Re: guaranteeing friendliness

From: sam kayley (
Date: Tue Nov 29 2005 - 19:03:09 MST

----- Original Message -----
From: "Richard Loosemore" <>
To: <>
Sent: Wednesday, November 30, 2005 1:13 AM
Subject: Re: guaranteeing friendliness

> The short summary of my responses (laid out in detail below) is that you
> have only repeated your assertion that a very smart AGI would
> "obviously" be able to convince us to do anything it wanted. You have
> given no reason to believe in this other than you, personally, declaring
> it to be a rejected idea.
> I repeat: why is extreme smartness capable of extreme persuasion?
> This is not even slightly obvious.

Are there flaws in the human mind so some sequence of sensory inputs will
cause a person to do something they wouldn't intend to do otherwise?

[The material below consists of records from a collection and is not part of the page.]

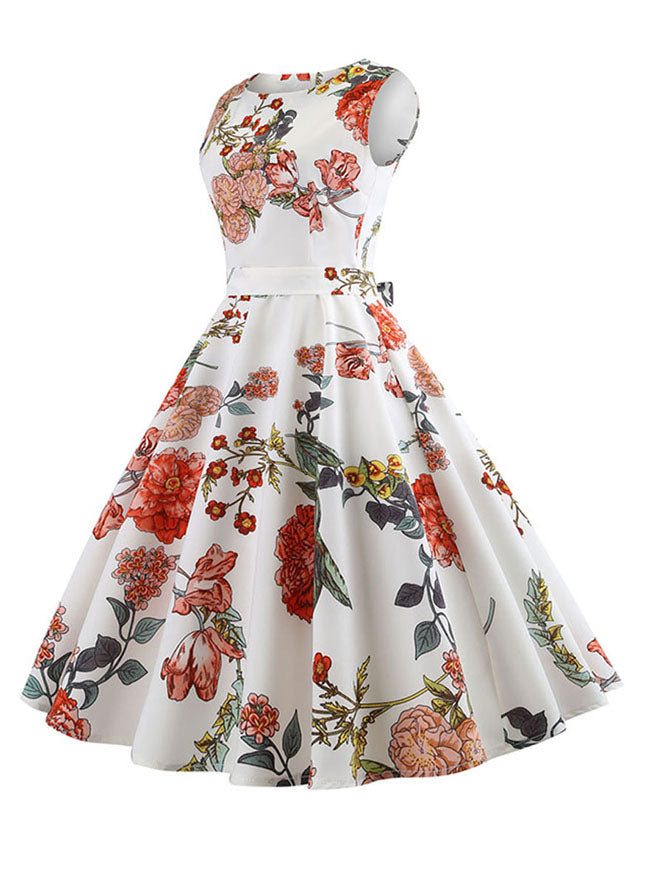 Sleeveless Vintage Style Floral Polka Dot Casual Swing Dress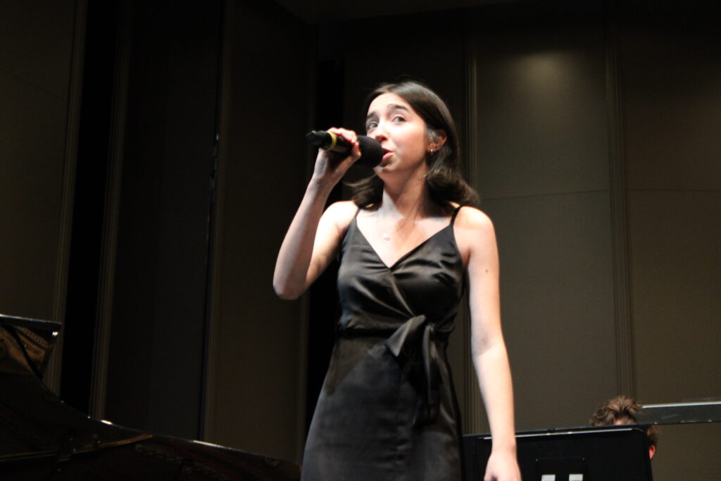The Jazz Ensemble followed with a beautiful set of romantic jazz covers, adding melodic vocals to the theater’s ambiance. “Falling in Love with Love,” performed by senior Lia Lev, transformed the PAC into a scene of passion and charm. Lev’s warm pitch and soft vocals combined with flashy timbres of piano and a balanced series of gentle saxophones drew smiles and looks of awe from the audience.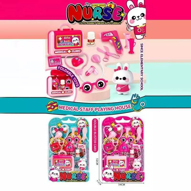 Набір лікаря A 6664 (40/2) 2 види, валіза: 17х7.5х13 см, стетоскоп, термометр, окуляри, ножиці, таблетки, мензурки, пляшечка, маска, бейдж, на листі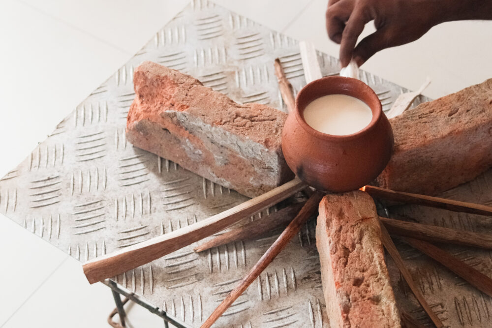 薪からパチパチと火が上がり、真っ白なココナッツミルクが温まってくると、しだいに表面が波打ち始めます。

These could range from flashing light epilepsy, requiring timing control and
neural level knowledge of humans, to deceptive arguments taking advantage of
the kinds of heuristics humans use to evaluate plausibility of arguments, to
emotional manipulation.

There is quite a range here, requiring different types and amounts of
information about humans (not all of which comes from conversation, the
initial architecture of the AI says something about human thought
processes), the particular victim, access to sensory channels, and ways of
thought on the part of the AI to exploit. It only takes one trick that
works, known to us as yet or not and the AI has won.

I am not convinced that a persuasive trick discoverable and usable from
inside an AI box exists. I am also not sure one doesn't. Given the stakes,
erring on the side of caution seems sensible.

And if discovering and using such a trick is possible in theory, by
definition a superintelligent AI can do it.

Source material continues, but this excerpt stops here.